Grob verdrehte Brynna den Kopf der Engländerin zu Seite, wo die Flammen des Kornspeichers bis an die Turmspitze schlugen. Die Männer hatten jegliche Löschversuche aufgegeben und nässten nur noch den Sand, damit die Flammen nicht auf den Stall übergreifen würden.

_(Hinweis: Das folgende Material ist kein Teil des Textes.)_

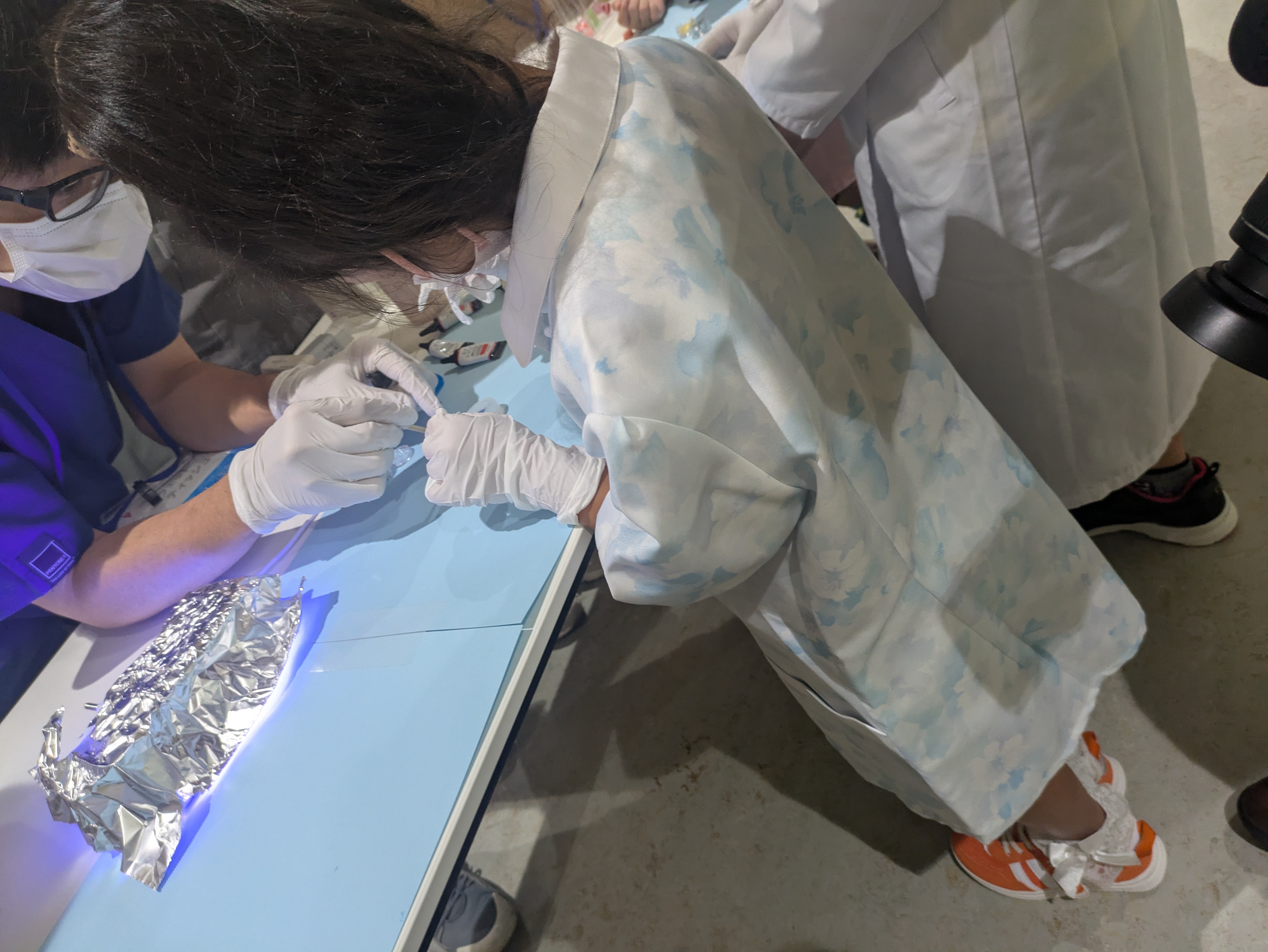 そう レーザーで肉を焼いたり、人形の虫歯を削って詰めたり、歯を抜いたりしました。先生に教えてもらいながら、歯科治療用の本物の機械を使いました。また、歯の神経治療などに使う電子顕微鏡でお札に隠された文字を探しました。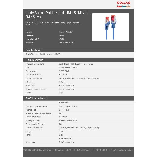 Jetzt anmeldenProduktinformationen "Lindy Basic - Patch-Kabel - RJ-45 (M) zu RJ-45 (M)"

Brynna spuckte deftig aus.
"Weißt du was wir mit Brandstiftern machen? Wir spießen sie auf einen Pflock und zünden ihn von unten an, sodass sie brennend in den Tod gehen. Ohne eine Klinge in der Hand! Aber das ist für dich ja ohne Bedeutung, nicht wahr Christin?"
"Töte mich und die Lothbrokbrüder spießen dich daneben.", brachte Magery hervor, wobei ihre Stimme sicherer klang als sie es eigentlich war.
Eine behandschuhte Rückhand zog schmerzhaft über ihre Wange, sodass ihr Kopf zur Seite flog.
"Da hast du recht. Dein Leben bleibt verschont Engländerin. Aber bezahlen musst du trotzdem. Holt mir ein Beil!", zischte Brynna ihren Männern zu, die ihrem Befehl umgehend nach kamen.
Magery schrie und trat um sich, als ihr Handgelenk gegriffen wurde und jemand sie zu Boden drückte. Ein stämmiger Mann mit einer Augenklappe war vor sie getreten. Die Schneide des Beils in seiner Hand glänzte hell im Feuerschein. Zwei Wachen hatten sich zu ihr gekniet und fixierten ihren Arm so fest am Grund, dass sich kleine Steine in ihre Haut bohrten. Die Männer im Pulk hatten begonnen im Takt auf Oberschenkel und Arme zu schlagen, während der Einäugige Brynna fragend ansah.
Sie nickte.
Magery sah nicht, wie ihr Richter das Beil hob. Sie sah nicht, wie sich die Tättowierungen auf seinem Oberarm zu bewegen schienen. Sie sah nur die Flammen, die hinter Brynna allmählich zu versiegen begannen.
"Halt!", dröhnte eine Stimme über den melodischen Takt der Schläge.
Das Beil stockte in der Luft. Zögernd wandte Magery sich um.